- **Assignment**
Leave out the pictures and restate every entry word for word.

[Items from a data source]
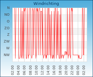 | Windsnelheid en -richting | 6.5 km/u uit NW |
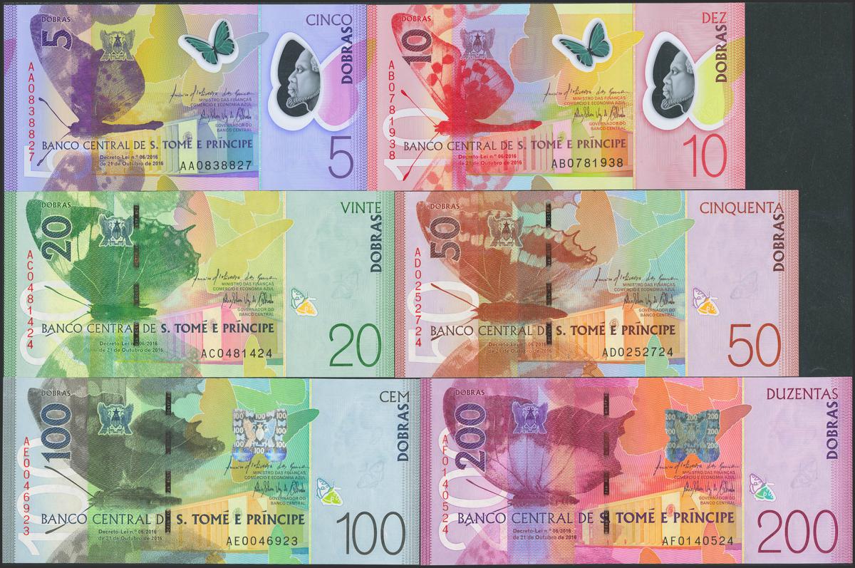 SAO TOME AND PRINCIPE. Lot of 6 notes from 5 to 200 Dobras. 2016. Banco Central. (Pick: 70, 71, 72, 73, 74, 75). Uncirculated.
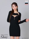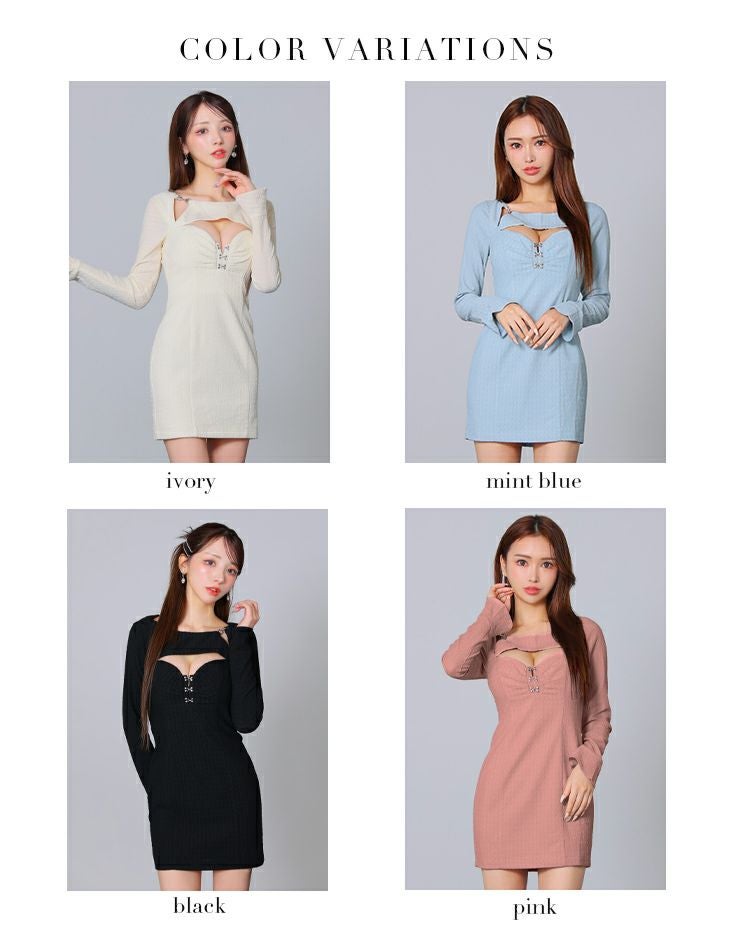 4. [ROBEdeFLEURSGlossy/ローブドフルールグロッシー] 高級 長袖 袖あり バストカット ネックリボン ワッフル 谷間魅せ タイトミニドレス
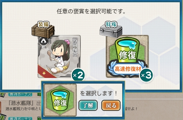 褒賞の二択はどちらでもいい感じがしますが、当鎮守府ではバケツを
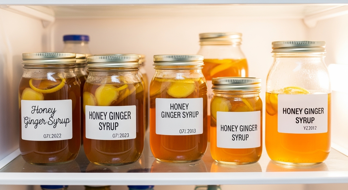 아무리 잘 만들어도 보관이 잘못되면 맛이 변하거나 곰팡이가 생길 수 있습니다. 꿀생강청은 청결과 온도 유지가 핵심입니다.
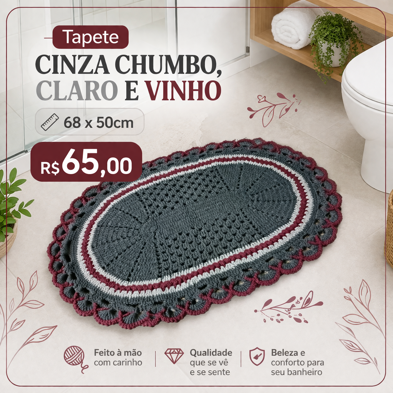 Tapete cinza chumbo claro e vinho 68x50cm

- **Task answer**
 | Windsnelheid en -richting | 6.5 km/u uit NW |
 SAO TOME AND PRINCIPE. Lot of 6 notes from 5 to 200 Dobras. 2016. Banco Central. (Pick: 70, 71, 72, 73, 74, 75). Uncirculated.
 4. [ROBEdeFLEURSGlossy/ローブドフルールグロッシー] 高級 長袖 袖あり バストカット ネックリボン ワッフル 谷間魅せ タイトミニドレス
 褒賞の二択はどちらでもいい感じがしますが、当鎮守府ではバケツを
 아무리 잘 만들어도 보관이 잘못되면 맛이 변하거나 곰팡이가 생길 수 있습니다. 꿀생강청은 청결과 온도 유지가 핵심입니다.
 Tapete cinza chumbo claro e vinho 68x50cm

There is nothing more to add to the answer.